🤖 AI Summary
This work addresses the limitations of existing safety alignment methods for language models, which often rely on complex training pipelines or heuristic strategies lacking theoretical foundations. The authors reformulate safety alignment as a density ratio matching problem and propose a single-stage optimization framework based on Bregman divergence (BSO). By leveraging convex generating functions to construct the loss, BSO enables safe policy learning within the direct preference optimization paradigm without requiring auxiliary models. The approach introduces only a single hyperparameter, unifying and generalizing several existing alignment techniques while offering both theoretical guarantees and implementation simplicity.

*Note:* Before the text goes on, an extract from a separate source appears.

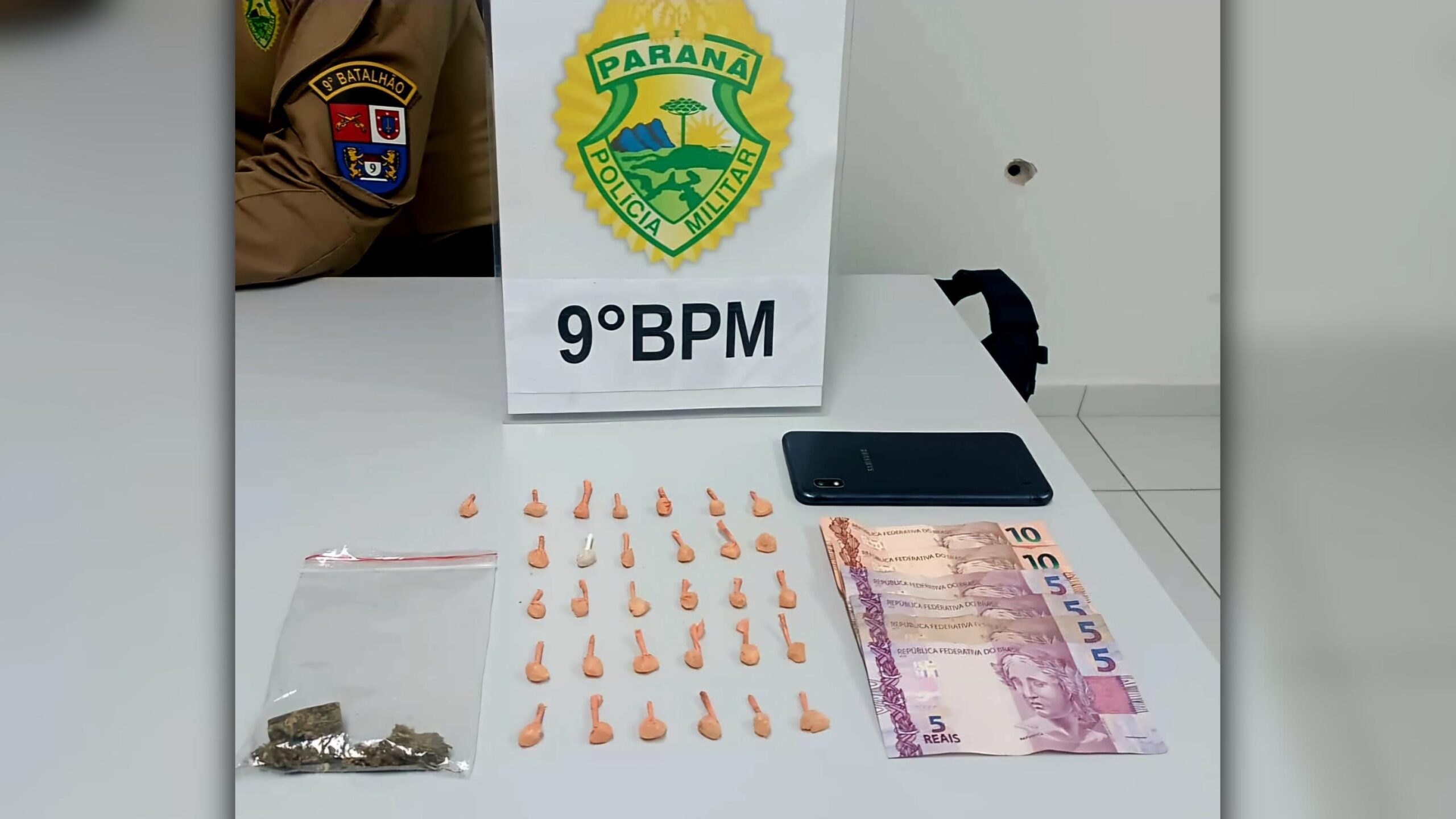 Perseguida e abordada, com ela foram encontradas pedras de crack, que estavam dentro de uma carteira de cigarros, um cachimbo, uma bucha de maconha, um aparelho celular e dinheiro trocado.

Experimental results demonstrate that BSO significantly improves the trade-off between safety and helpfulness across multiple safety alignment benchmarks.
📝 Abstract
Aligning language models for both helpfulness and safety typically requires complex pipelines-separate reward and cost models, online reinforcement learning, and primal-dual updates. Recent direct preference optimization approaches simplify training but incorporate safety through ad-hoc modifications such as multi-stage procedures or heuristic margin terms, lacking a principled derivation. We show that the likelihood ratio of the optimal safe policy admits a closed-form decomposition that reduces safety alignment to a density ratio matching problem. Minimizing Bregman divergences between the data and model ratios yields Bregman Safety Optimization (BSO), a family of single-stage loss functions, each induced by a convex generator, that provably recover the optimal safe policy. BSO is both general and simple: it requires no auxiliary models, introduces only one hyperparameter beyond standard preference optimization, and recovers existing safety-aware methods as special cases. Experiments across safety alignment benchmarks show that BSO consistently improves the safety-helpfulness trade-off.